Work required ▸
Once you find the line with "Within Requests, there" in the data below, transcribe exactly each line from there to the line with "Arkusz1 Odbiór odpadów", inclusive, and nothing else. Drop the pictures.

Extracted records ▸

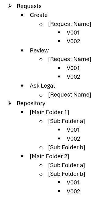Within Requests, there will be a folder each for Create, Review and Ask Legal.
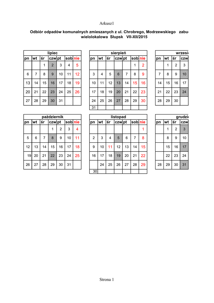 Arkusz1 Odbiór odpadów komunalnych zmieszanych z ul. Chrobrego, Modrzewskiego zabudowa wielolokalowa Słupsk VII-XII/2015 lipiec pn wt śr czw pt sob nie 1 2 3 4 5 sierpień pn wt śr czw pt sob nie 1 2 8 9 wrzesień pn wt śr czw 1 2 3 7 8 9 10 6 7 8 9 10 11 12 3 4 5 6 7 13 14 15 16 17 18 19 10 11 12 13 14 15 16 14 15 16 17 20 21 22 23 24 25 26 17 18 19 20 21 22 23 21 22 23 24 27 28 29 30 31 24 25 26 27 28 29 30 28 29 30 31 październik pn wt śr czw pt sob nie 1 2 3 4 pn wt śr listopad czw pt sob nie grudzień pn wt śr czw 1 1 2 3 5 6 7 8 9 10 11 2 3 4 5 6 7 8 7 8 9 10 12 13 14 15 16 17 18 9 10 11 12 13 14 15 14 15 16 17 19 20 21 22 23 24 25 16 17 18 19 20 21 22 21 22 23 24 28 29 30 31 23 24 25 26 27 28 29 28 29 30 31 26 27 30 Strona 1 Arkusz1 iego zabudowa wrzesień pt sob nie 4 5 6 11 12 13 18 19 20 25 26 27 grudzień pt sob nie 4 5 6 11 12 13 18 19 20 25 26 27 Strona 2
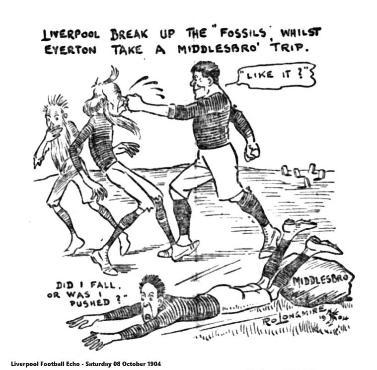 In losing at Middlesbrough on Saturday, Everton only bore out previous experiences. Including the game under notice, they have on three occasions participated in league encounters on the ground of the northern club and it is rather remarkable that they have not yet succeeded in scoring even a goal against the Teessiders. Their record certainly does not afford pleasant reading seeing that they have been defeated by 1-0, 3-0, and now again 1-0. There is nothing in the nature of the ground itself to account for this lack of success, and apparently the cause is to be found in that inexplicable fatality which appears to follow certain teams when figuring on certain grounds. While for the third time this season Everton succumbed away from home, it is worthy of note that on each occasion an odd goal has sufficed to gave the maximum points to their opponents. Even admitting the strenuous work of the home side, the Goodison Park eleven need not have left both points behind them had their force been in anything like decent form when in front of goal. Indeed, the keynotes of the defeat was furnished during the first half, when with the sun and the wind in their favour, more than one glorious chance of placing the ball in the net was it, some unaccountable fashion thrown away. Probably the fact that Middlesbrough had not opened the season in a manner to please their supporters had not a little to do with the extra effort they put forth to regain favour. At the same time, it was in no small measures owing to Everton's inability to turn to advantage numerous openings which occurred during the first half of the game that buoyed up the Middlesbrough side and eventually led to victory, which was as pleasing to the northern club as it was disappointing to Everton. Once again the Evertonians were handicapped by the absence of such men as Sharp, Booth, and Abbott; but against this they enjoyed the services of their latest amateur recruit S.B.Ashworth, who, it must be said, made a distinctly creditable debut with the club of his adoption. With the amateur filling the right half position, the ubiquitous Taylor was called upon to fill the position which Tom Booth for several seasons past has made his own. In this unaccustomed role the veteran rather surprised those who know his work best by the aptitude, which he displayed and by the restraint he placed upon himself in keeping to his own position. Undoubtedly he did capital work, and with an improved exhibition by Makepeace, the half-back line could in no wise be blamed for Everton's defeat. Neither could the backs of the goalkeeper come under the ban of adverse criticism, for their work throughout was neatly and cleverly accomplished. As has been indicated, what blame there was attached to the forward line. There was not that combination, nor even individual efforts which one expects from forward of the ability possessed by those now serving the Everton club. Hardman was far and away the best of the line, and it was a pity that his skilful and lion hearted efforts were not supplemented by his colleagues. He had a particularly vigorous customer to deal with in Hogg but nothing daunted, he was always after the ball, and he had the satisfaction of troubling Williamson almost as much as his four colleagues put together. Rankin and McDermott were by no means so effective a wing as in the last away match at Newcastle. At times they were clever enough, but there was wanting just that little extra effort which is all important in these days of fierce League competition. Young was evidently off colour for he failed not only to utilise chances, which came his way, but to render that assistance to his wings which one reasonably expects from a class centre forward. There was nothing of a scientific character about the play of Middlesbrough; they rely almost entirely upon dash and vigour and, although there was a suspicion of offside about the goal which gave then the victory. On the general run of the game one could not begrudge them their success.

...

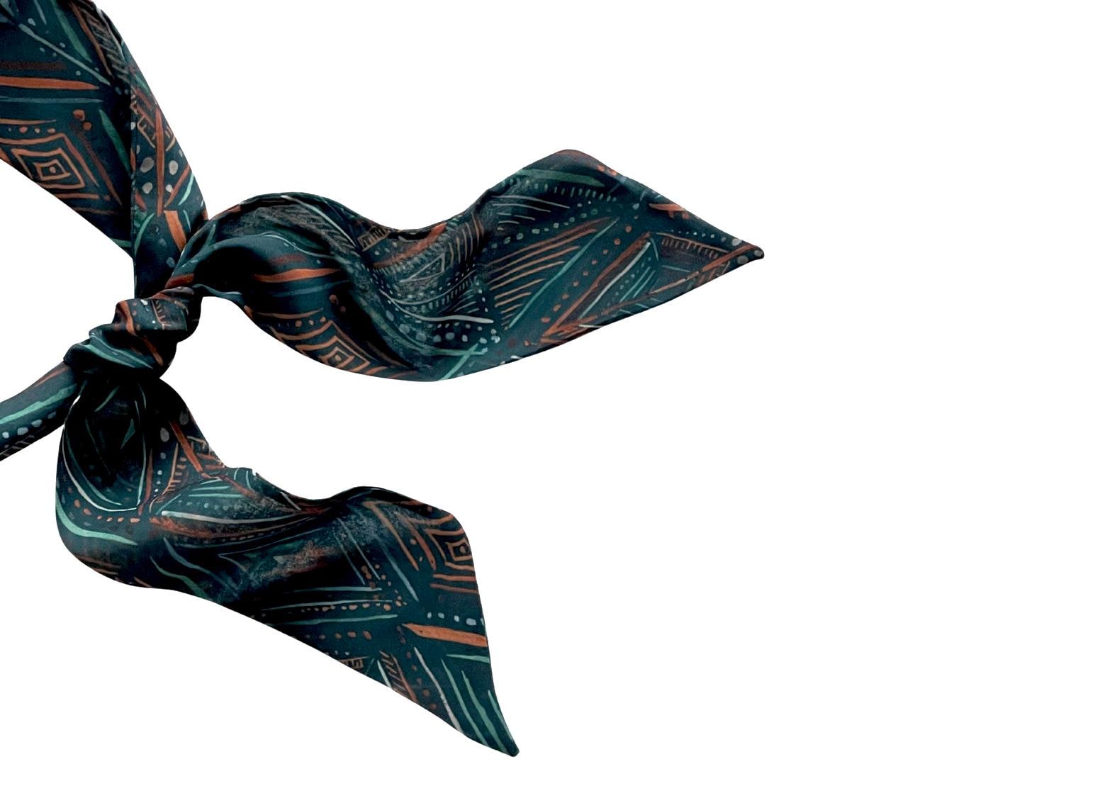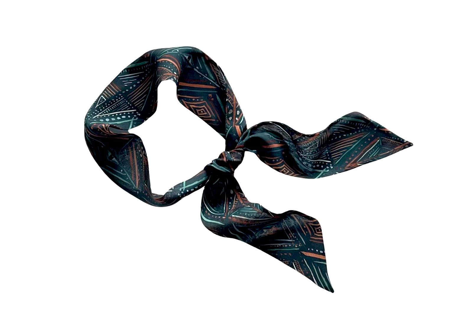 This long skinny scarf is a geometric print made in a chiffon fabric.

Answer for the task ▸
Within Requests, there will be a folder each for Create, Review and Ask Legal.
 Arkusz1 Odbiór odpadów komunalnych zmieszanych z ul. Chrobrego, Modrzewskiego zabudowa wielolokalowa Słupsk VII-XII/2015 lipiec pn wt śr czw pt sob nie 1 2 3 4 5 sierpień pn wt śr czw pt sob nie 1 2 8 9 wrzesień pn wt śr czw 1 2 3 7 8 9 10 6 7 8 9 10 11 12 3 4 5 6 7 13 14 15 16 17 18 19 10 11 12 13 14 15 16 14 15 16 17 20 21 22 23 24 25 26 17 18 19 20 21 22 23 21 22 23 24 27 28 29 30 31 24 25 26 27 28 29 30 28 29 30 31 październik pn wt śr czw pt sob nie 1 2 3 4 pn wt śr listopad czw pt sob nie grudzień pn wt śr czw 1 1 2 3 5 6 7 8 9 10 11 2 3 4 5 6 7 8 7 8 9 10 12 13 14 15 16 17 18 9 10 11 12 13 14 15 14 15 16 17 19 20 21 22 23 24 25 16 17 18 19 20 21 22 21 22 23 24 28 29 30 31 23 24 25 26 27 28 29 28 29 30 31 26 27 30 Strona 1 Arkusz1 iego zabudowa wrzesień pt sob nie 4 5 6 11 12 13 18 19 20 25 26 27 grudzień pt sob nie 4 5 6 11 12 13 18 19 20 25 26 27 Strona 2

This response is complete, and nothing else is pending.